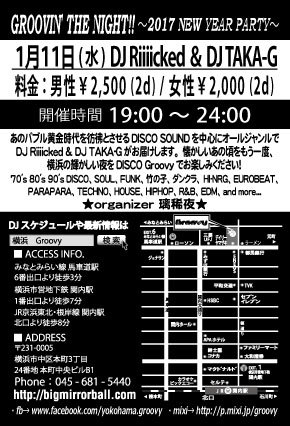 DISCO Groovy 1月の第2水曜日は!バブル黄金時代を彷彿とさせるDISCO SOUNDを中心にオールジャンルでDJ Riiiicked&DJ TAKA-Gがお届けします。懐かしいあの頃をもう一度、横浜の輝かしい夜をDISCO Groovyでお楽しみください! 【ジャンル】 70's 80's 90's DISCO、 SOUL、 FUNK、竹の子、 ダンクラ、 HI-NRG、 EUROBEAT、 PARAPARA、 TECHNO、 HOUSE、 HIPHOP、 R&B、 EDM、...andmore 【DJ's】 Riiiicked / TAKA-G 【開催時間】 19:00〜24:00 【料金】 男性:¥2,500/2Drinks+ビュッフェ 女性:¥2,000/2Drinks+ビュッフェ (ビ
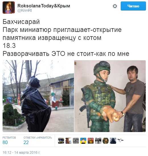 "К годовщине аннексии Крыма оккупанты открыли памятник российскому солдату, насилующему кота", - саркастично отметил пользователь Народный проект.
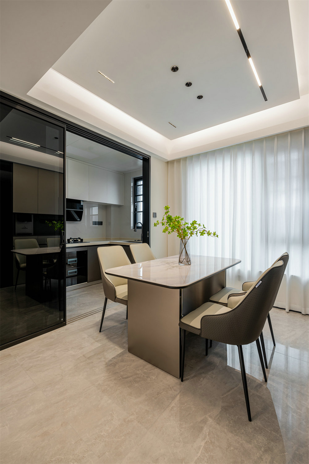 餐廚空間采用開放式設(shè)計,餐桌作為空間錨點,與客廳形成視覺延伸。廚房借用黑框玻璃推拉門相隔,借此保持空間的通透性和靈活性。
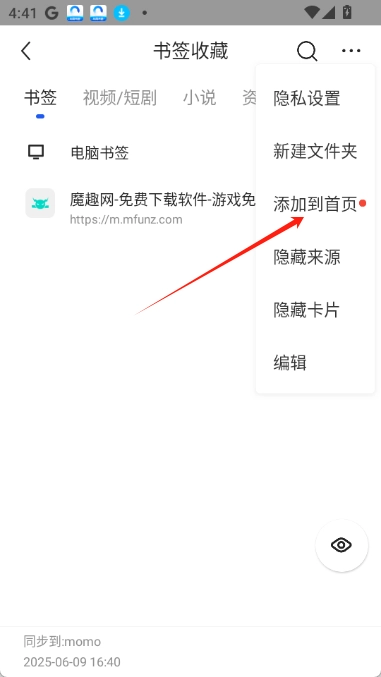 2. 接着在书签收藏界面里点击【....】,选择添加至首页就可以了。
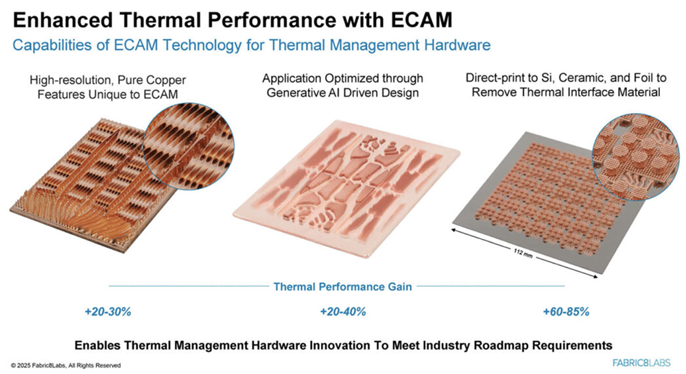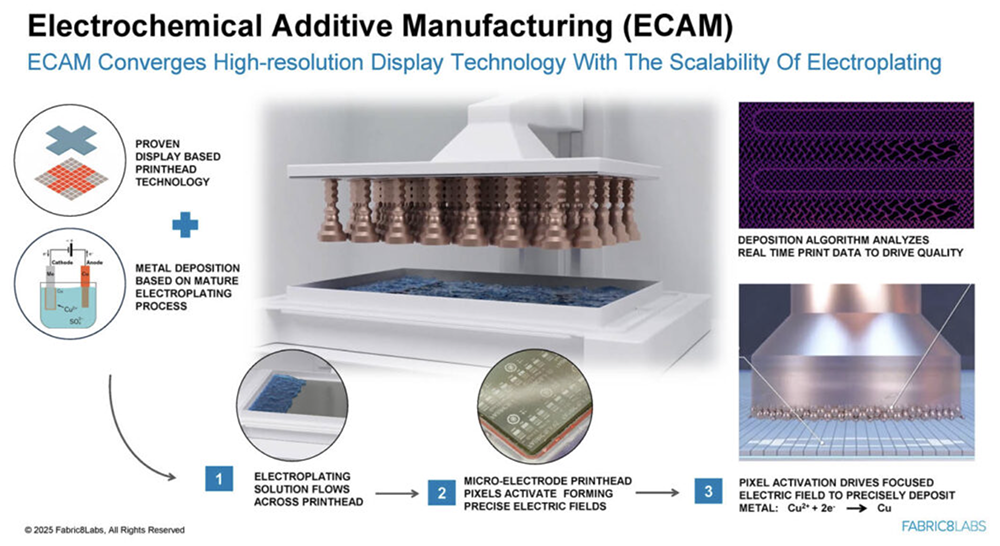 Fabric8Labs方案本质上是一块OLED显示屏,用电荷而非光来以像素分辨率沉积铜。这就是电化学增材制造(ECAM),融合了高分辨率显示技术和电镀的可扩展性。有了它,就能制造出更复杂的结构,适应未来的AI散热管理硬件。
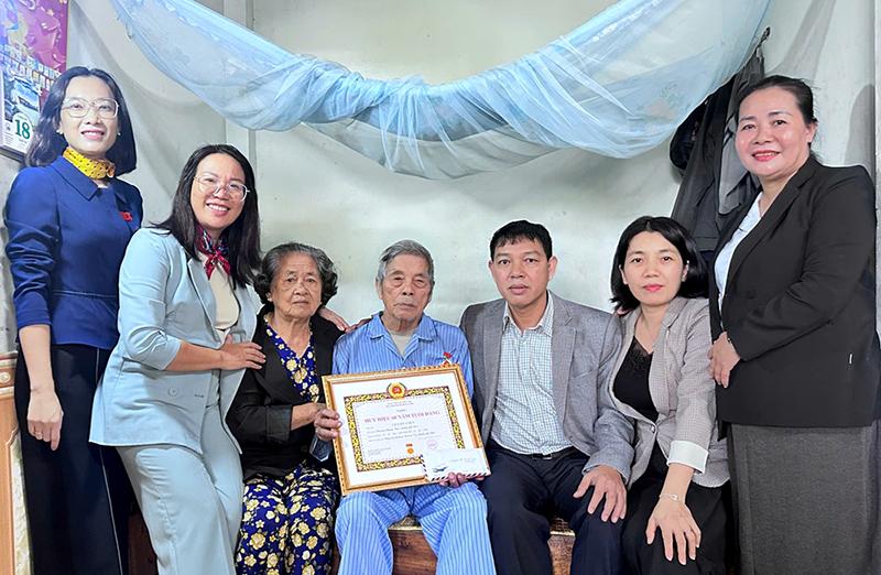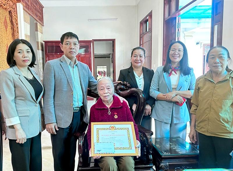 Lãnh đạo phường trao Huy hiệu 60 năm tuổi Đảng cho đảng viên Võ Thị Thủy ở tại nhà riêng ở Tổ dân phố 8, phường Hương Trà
····················
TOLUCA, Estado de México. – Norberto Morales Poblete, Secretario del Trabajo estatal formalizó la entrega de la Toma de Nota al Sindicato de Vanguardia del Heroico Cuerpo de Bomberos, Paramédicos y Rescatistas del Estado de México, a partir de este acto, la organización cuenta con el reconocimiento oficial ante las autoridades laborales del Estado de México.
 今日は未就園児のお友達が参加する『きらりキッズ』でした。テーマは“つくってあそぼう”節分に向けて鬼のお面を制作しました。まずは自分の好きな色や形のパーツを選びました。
····················
__Work instructions__.
What are the lines in the records above, word for word, from the one containing "DISCO Groovy 1月の第2水曜日は!バブル黄金時代を彷彿とさせるDISCO" through the one containing "Lãnh đạo phường", both ends included and pictures left out?

__Answer box__.
 DISCO Groovy 1月の第2水曜日は!バブル黄金時代を彷彿とさせるDISCO SOUNDを中心にオールジャンルでDJ Riiiicked&DJ TAKA-Gがお届けします。懐かしいあの頃をもう一度、横浜の輝かしい夜をDISCO Groovyでお楽しみください! 【ジャンル】 70's 80's 90's DISCO、 SOUL、 FUNK、竹の子、 ダンクラ、 HI-NRG、 EUROBEAT、 PARAPARA、 TECHNO、 HOUSE、 HIPHOP、 R&B、 EDM、...andmore 【DJ's】 Riiiicked / TAKA-G 【開催時間】 19:00〜24:00 【料金】 男性:¥2,500/2Drinks+ビュッフェ 女性:¥2,000/2Drinks+ビュッフェ (ビ
 "К годовщине аннексии Крыма оккупанты открыли памятник российскому солдату, насилующему кота", - саркастично отметил пользователь Народный проект.
 餐廚空間采用開放式設(shè)計,餐桌作為空間錨點,與客廳形成視覺延伸。廚房借用黑框玻璃推拉門相隔,借此保持空間的通透性和靈活性。
 2. 接着在书签收藏界面里点击【....】,选择添加至首页就可以了。
 Fabric8Labs方案本质上是一块OLED显示屏,用电荷而非光来以像素分辨率沉积铜。这就是电化学增材制造(ECAM),融合了高分辨率显示技术和电镀的可扩展性。有了它,就能制造出更复杂的结构,适应未来的AI散热管理硬件。
 Lãnh đạo phường trao Huy hiệu 60 năm tuổi Đảng cho đảng viên Võ Thị Thủy ở tại nhà riêng ở Tổ dân phố 8, phường Hương Trà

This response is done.